At least three people died during protests in Ivory Coast on Thursday, police said, as small groups burned makeshift roadblocks in protests against President Alassane Ouattara’s decision to stand for a third term.
The West African nation has seen a number of scattered protests since Ouattara announced last week he would run in the Oct. 31 election, with the opposition accusing him of violating term limits.
Protesters in the southeastern town of Bonoua set fire to a police station after a young man died during a protest there on Thursday, police spokesman Bleu Charlemagne said in a statement on the state TV channel RTI.
He did not explain how the others died.
A video circulating on social media showed Bonoua’s police commissioner covered in blood as a crowd rescued him from the burning police headquarters.
Police arrested 58 people across the country, Charlemagne said.
The executive director of Ouattara’s party, Adama Bictogo, defended Ouattara’s decision to run again, saying: “For us, the debate is closed.”
Ouattara’s opponents have accused the police of using excessive force to break up demonstrations this week.

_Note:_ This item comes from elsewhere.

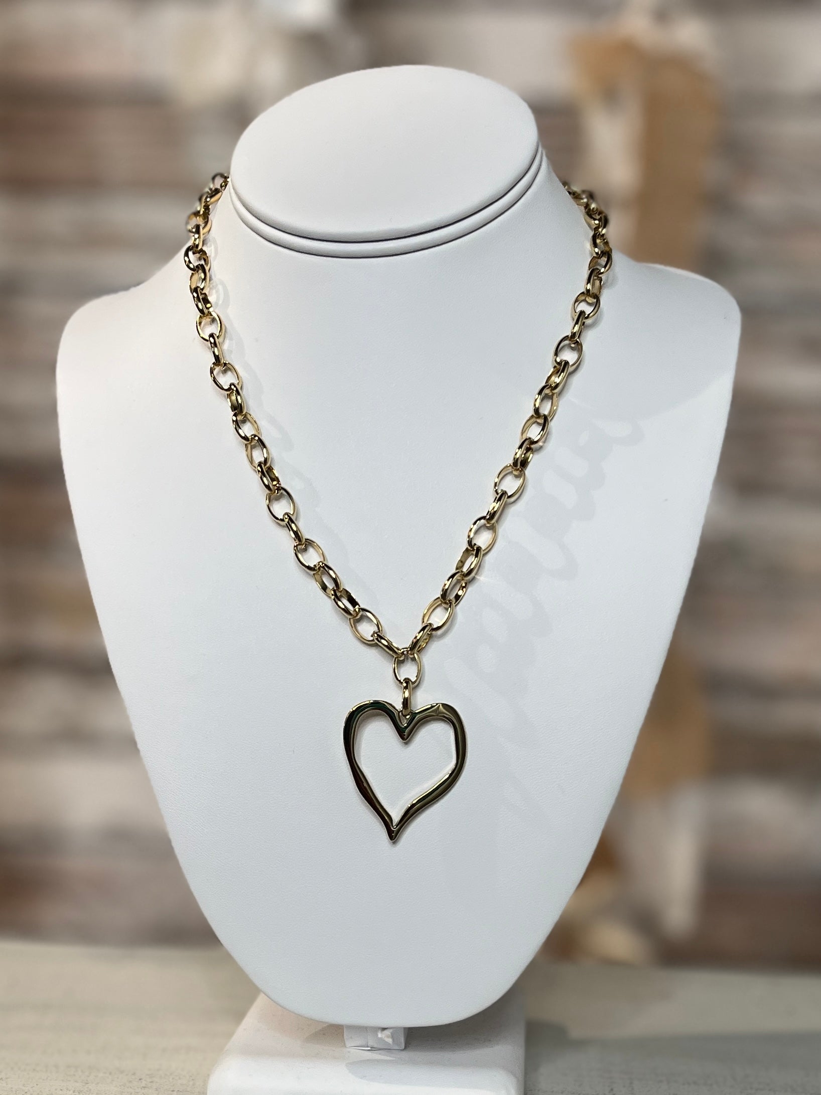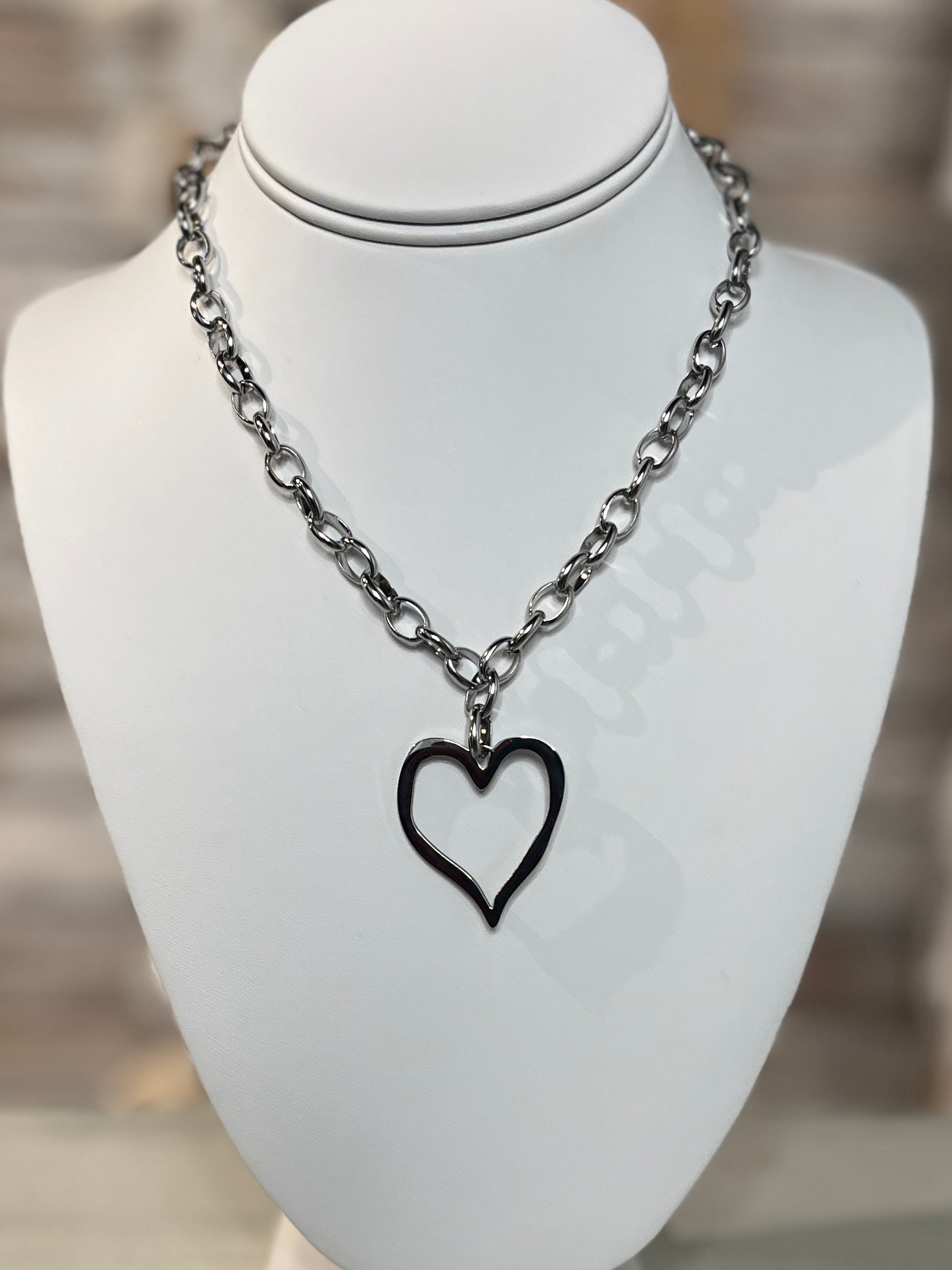 Show a little love with the Open Heart Chain Necklace—bold links paired with a sleek open-heart pendant for the perfect mix of modern edge and romantic charm. Available in classic silver or radiant gold, this versatile piece layers beautifully or stands strong on its own. Effortlessly cool, endlessly wearable—your new go-to for adding heart to any look.

Ivory Coast law limits presidential terms to two, but Ouattara says a new constitution adopted in 2016 acted as a reset button, allowing him to run again. The October election is seen as a test of stability for a country still recovering from a brief civil war in 2010 and 2011.
One of Ouattara’s main challengers, former President Henri Konan Bedie, said on Wednesday that two protesters had been killed and others severely wounded during demonstrations held that day in his electoral stronghold Daoukro and elsewhere.
In the commercial capital, Abidjan, police in riot gear cleared makeshift roadblocks that small groups of protesters had built and set alight on Thursday, according to a Reuters witness. Several people were arrested, an opposition spokesman said.